Only then can we witness, in King’s words, the long arc of moral history bending toward justice.

Lenny McAllister is a Senior Fellow for Commonwealth Foundation and previously served as CEO of the PA Coalition for Public Charter Schools.  

2 thoughts on “Lenny McAllister: Jay-Z, MLK, and the progressive opposition to genuine reform”

  1. The issue is public dollars going to religious private schools run primarily by religious zealots or republikkkans. I don’t want ANY of my tax dollars being used to fund religious institutions. Let churches fund them or private contributors.

  2. Time is the last bastion of the elites. Defer and delay allows your issues to either die or become unrecognizable. It is the secret racism.
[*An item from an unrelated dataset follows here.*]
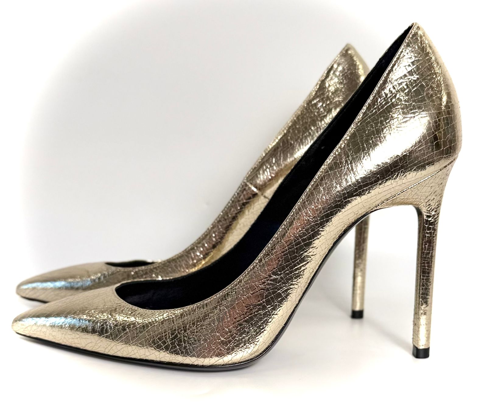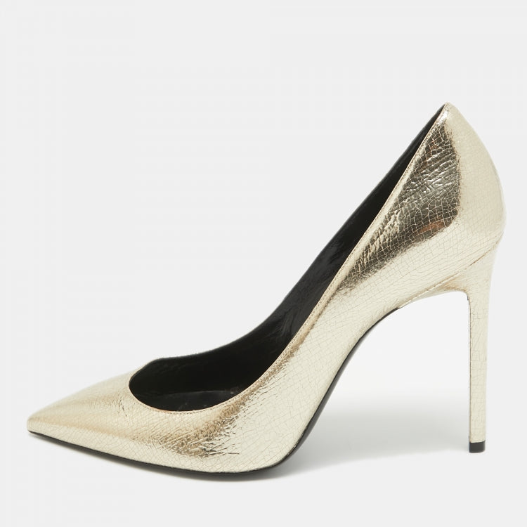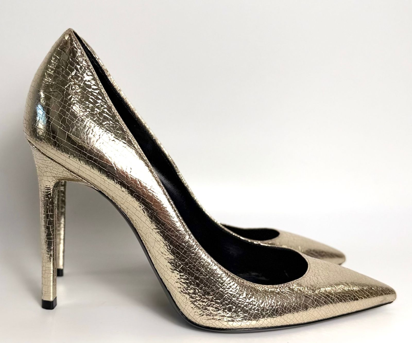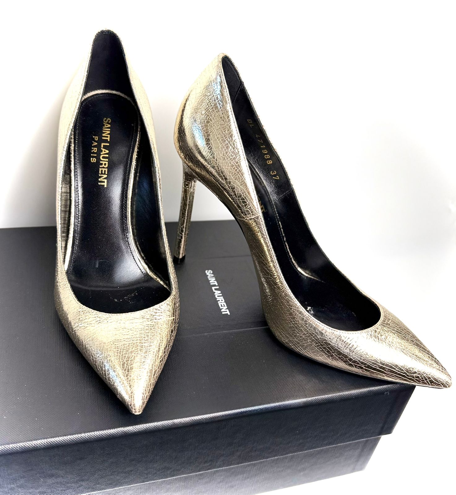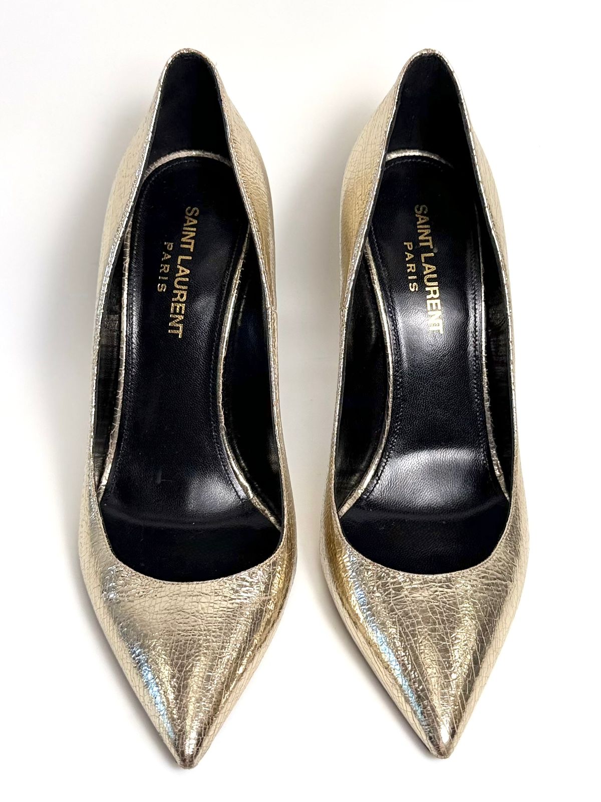 YSL METALLIC SUPERCRACK CALFSKIN LEATHER ANJA PUMPS
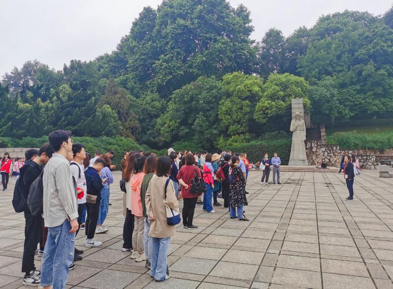随后,支部成员参观了雨花台烈士纪念馆。在纪念馆中,大家一边驻足于馆内陈列的烈士遗物、珍贵图片、文献资料,一边用心聆听邓中夏、恽代英、谭寿林等革命烈士的英雄事迹。照片上他们的神情稚嫩却又充满坚毅,襟怀救国救民的崇高理想,义无反顾地投身革命。从这些历史影像中,支部成员深切体会到当时时局的艰难与共产党人不忘初心、勇敢前进的大无畏精神,接受了深刻的党性教育。

In the past, educational endeavors such as Arts Magnets schools, science/technology academies, charters schools were established and began to demonstrate their worth, at that point they were castigated as causing students who could not or would not enroll in them to have a “loss of self-esteem,” time to “level the system.” For the elites, schools that are successful are the hobgoblins of their social views. Failing schools are of no consequence, the pain and suffering they create are too socially distant to be of concern, to paraphrase Alexandr Solzhenitsyn, “it is only when the problem comes rolling up to their threshold, does it become unbearable and intolerable.